I've always enjoyed Nick Broomfield's films. His quarry is usually some grotesque character in the public eye: Terre Blanche, Heidi Fleiss, Biggie and Tupac, Ailen Wuornos. A portrait is then built up through interviews in which Broofield himself is also visible, lumbering around with headphones and microphone, watched by a videocam in his car etc. There are faux-naif interviews  and stunts reminiscent of Michael Moore; but for all the film-about-making-a-film self-consciousness there is also a sense of real wide-eyed curiosity about the film's subject matter. Presumably Broomfield is an influence on Louis Theroux and Jon Ronson.
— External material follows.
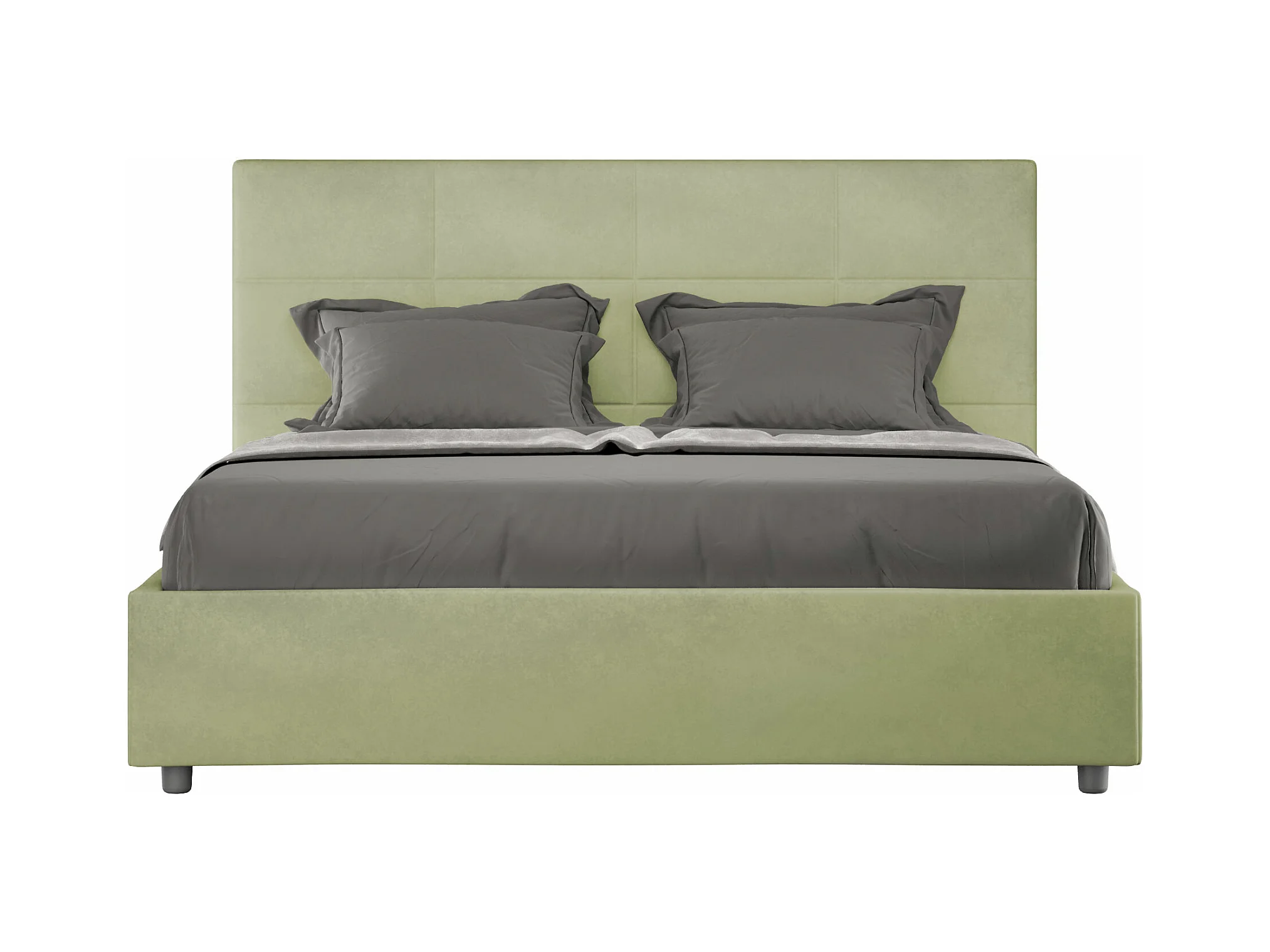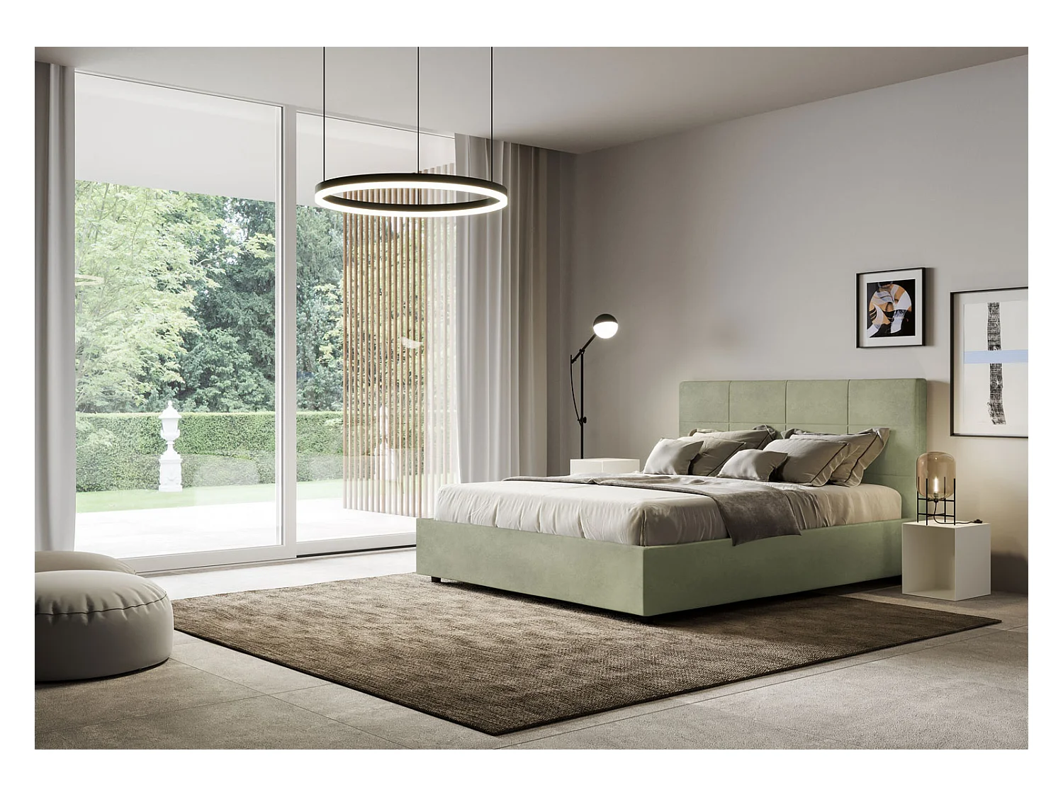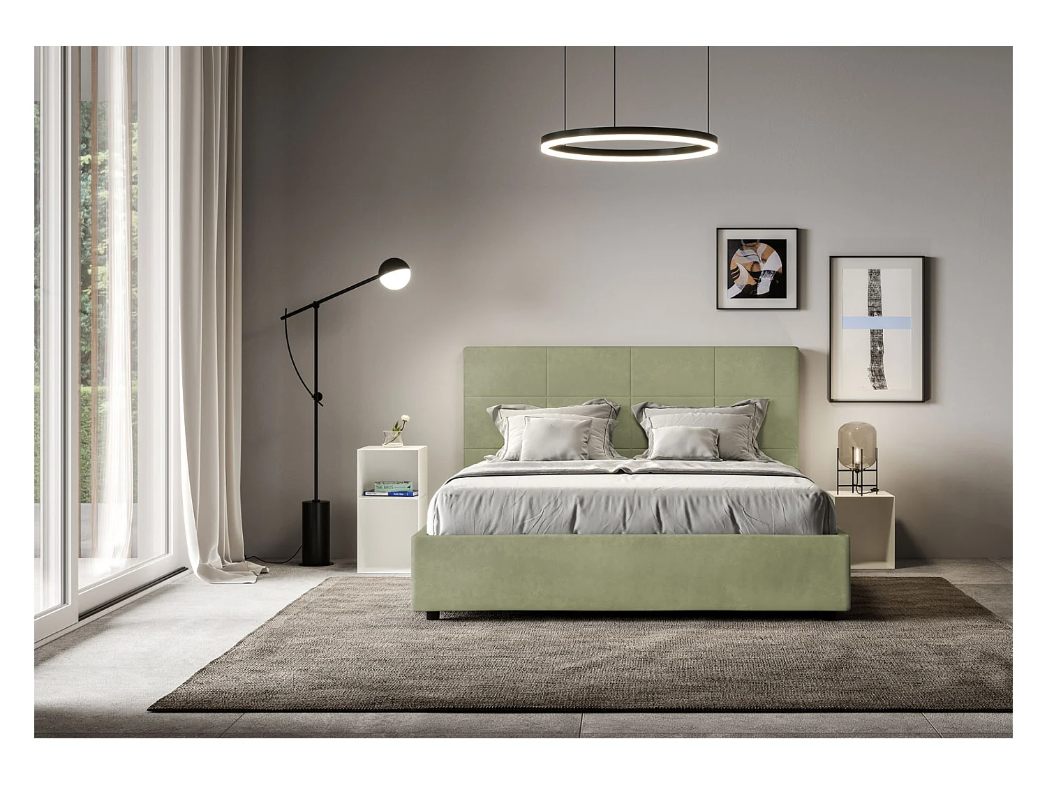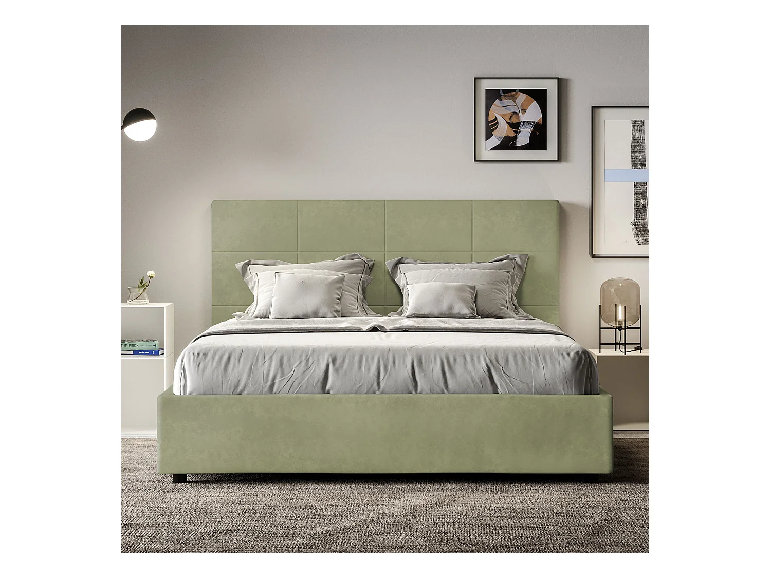 Lit double coffre rembourré 140x190 microfibre vert Mika

Last night More4 showed Broomfield's latest, Sarah Palin: You Betcha, in which, like Ian Hamilton looking for J D Salinger, Broomfield tries and  - of course - fails to get an interview with the former Governor of Alaska. He goes to Wasilla, where Palin started her political career as Mayor, and finds that everyone is either friend or foe of the Palin camp. The friends will not talk to him, nor will those who fear that retribution will follow. So Broomfield's interviewees are the foes, usually former allies who have been cast off somewhere on Palin's ruthless ascent. So the film is inevitably one-sided, but no less interesting for that: what we get is a portrait of power being wielded by someone whose vision of the world never gets above that of a street fight. So there is the with-us-or-against-us mentality, the sackings and vilifications of anyone perceived as a threat, the deep suspicion of thought and knowledge, and the constant need for an enemy to do battle with - here gays and abortions are the Evil One, an obsession fuelled by an evangelical group. Indeed, the fundamentalist evangelical background, it is proposed, is the key to understanding Palin - and, by extension, the Tea Party and the Republicans today. Manipulative and power-crazed figures can come from the left  as well as the right, of course, and the polularity they command suggests something about the power of media and the level of public education.
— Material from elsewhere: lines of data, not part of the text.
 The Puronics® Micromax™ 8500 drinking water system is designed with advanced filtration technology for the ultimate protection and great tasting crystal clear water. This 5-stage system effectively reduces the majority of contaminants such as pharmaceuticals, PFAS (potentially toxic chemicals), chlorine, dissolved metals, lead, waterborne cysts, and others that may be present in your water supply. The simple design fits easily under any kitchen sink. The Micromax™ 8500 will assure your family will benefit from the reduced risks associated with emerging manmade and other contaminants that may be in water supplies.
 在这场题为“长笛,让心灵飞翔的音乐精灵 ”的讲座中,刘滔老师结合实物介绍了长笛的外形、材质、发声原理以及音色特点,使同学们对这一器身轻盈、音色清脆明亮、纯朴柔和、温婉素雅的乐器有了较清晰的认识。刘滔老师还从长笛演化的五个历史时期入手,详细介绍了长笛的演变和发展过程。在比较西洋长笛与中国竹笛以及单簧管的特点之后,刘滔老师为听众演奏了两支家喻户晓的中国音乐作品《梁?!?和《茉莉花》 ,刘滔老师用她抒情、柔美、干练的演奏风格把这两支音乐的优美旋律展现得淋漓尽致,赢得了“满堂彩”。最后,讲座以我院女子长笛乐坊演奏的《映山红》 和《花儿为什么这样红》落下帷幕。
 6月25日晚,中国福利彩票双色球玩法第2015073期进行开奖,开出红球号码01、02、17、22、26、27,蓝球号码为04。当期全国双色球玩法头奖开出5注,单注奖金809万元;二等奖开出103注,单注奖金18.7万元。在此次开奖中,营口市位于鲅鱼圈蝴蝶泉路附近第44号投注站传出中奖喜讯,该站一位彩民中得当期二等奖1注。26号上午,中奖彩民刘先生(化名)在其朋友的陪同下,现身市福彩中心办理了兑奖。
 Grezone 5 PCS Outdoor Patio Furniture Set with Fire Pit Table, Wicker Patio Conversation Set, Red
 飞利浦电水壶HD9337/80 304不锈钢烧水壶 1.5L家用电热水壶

I imagine this film will have been much more interesting to a British audience than an American one. Presumably over there anyone with any interest in politics knows all about troopergate, the disastrous interview in front of a turkey slaughter, the huge power of evangelicals and the gun lobby etc. And there must be scope for real naivety too. You have to wonder what, say, a Michael Moore film about Gordon Brown would look like. But for those of us who are vague about the exact details of Palin's career it was an entertaining briefing. I didn't think the stunts added much, and I was quite sympathetic to the mayor who kicked Broomfield & team out of his office, where they had  no business to be. The non-interview was non-suspenseful. Presumably Broomfield is one of an army of journalists who has been after any dirt on Palin, so their suspicion (especially given his track record with films, and hers with unscripted interviews) was understandable. It might have been interesting to learn more about the funding behind her campaigns: the film presented her as a driven Mean Girl, but might she not have been the script-reader for larger corporate interests? McCain's choice of Palin as a running partner was still a profound mystery at the end of the film.
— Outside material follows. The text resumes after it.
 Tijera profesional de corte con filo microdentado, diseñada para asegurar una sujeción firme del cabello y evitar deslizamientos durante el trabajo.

But the real strength of the piece was as an analysis of power and its destructive effects: I recently read someone correcting Acton's 'Power corrupts' to 'power exposes' and this film confirmed that this was closer to the mark. In the spotlight, every act of pettiness, and the pain it causes, simply becomes more visible. The Alaskan setting (collections of antlers!) added to the exotic feel of the whole thing, for a Brit viewer at any rate.